When it comes to retirement income, timing is everything. You can start Social Security as early as 62, but waiting until age 70 can increase your monthly benefit by up to 8% per year. The challenge? Covering living expenses in the meantime.
That’s where a reverse mortgage can help.
How a Reverse Mortgage Works
A reverse mortgage lets homeowners aged 62+ convert part of their home equity into tax-free cash — without selling their home or making monthly payments. You can receive the funds as a lump sum, a monthly income, or a flexible line of credit.
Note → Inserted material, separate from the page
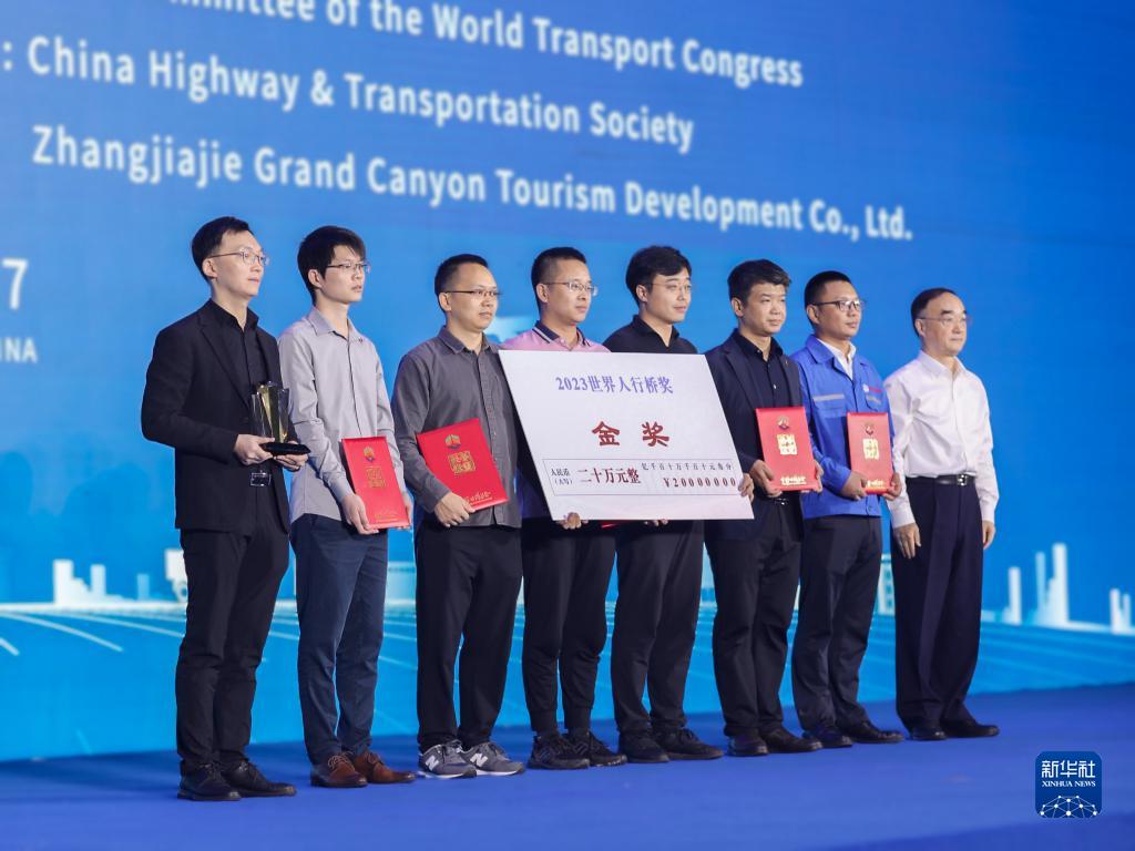 6月17日,海心橋設計團隊在2023世界交通運輸大會上領取2023“世界人行橋獎”金獎。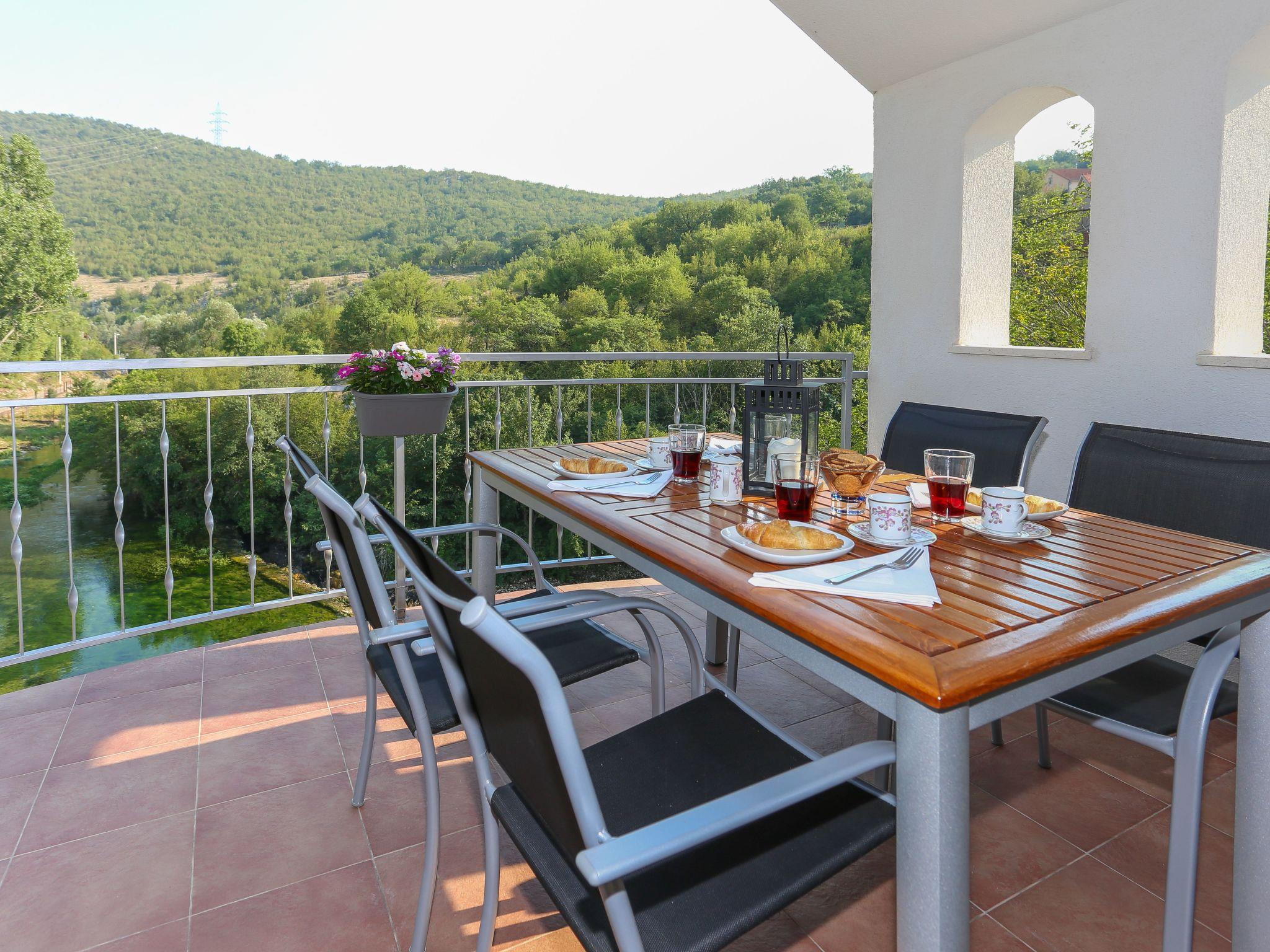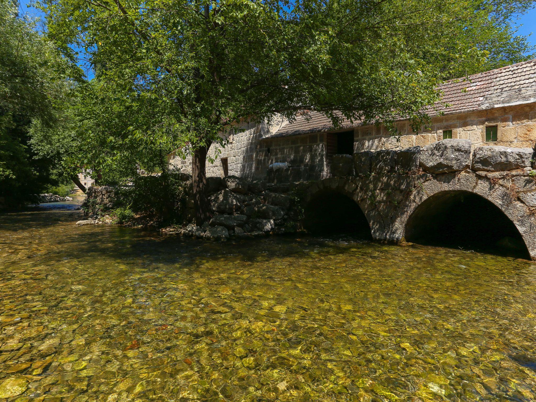 Das Wasserfallhaus wurde nur 500 m von der Quelle des Flusses Grab entfernt, in der ruhigen Umgebung des Dorfes Grab in der Gespanschaft Trilj, umgeben von unberührter Natur und mit einem spektakulären Blick auf den Fluss und die kleinen Wasserfälle gebaut. Das Anwesen befindet sich nur wenige Schritte von der alten Wassermühle entfernt, einer von drei erhaltenen Wassermühlen in diesem Teil des dalmatinischen Hinterlandes. Sie werden das Wasserfallhaus lieben wegen seiner großartigen Aussicht und seiner perfekten Lage auf dem Lande, aber dennoch in der Nähe der Stadt Trilj (5 km) mit ihren vielen Geschäften, Cafés und Restaurants und der alten Stadt Split (40 km), mit allen Vorteilen einer größeren Stadt und den nahe gelegenen Stränden. Leicht erreichbar von der Autobahn. Der nächstgelegene Flughafen (Split) ist 60 km entfernt. Das nächste Geschäft ist 500 m und das nächste Restaurant 800 m entfernt. Die Lage ist besonders für Aktivurlauber geeignet, da es in der Nähe Rad- und Wanderwege gibt. Fallschirmspringen und Gleitschirmfliegen sowie Rafting auf dem Fluss Cetina sind in der Umgebung ebenfalls möglich. Durch die gute Anbindung an die nahe gelegenen Städte Sinj, Split und Trogir können Sie einen Tag am Strand verbringen (der nächste Strand ist 40 km entfernt) und am Abend zurückkehren, den Nationalpark Krka besuchen (einfacher Zugang zur Autobahn), den Roten und den Blauen See in Imotski oder jede andere Stadt an der Küste und im Hinterland.

By using these funds strategically, you can delay Social Security benefits, increasing your
lifetime income.
Why This Strategy Can Make Sense
Let’s say you’re 64, retired, and own your home outright. You could draw modest monthly payments from a reverse mortgage until age 70, allowing your Social Security benefit to grow.
By doing so, you:
• Increase lifetime Social Security income
• Stay in your home
• Preserve other savings longer
• Receive tax-free proceeds
Is It Right for You?
Using a reverse mortgage to delay Social Security may be smart if you:
• Have substantial home equity
• Plan to stay in your home long-term
• Want to maximize guaranteed retirement income
Bottom Line
A reverse mortgage can be a valuable bridge — giving you the flexibility to delay Social Security and enjoy higher benefits later. But like any financial tool, it’s best used as part of a well-planned retirement strategy.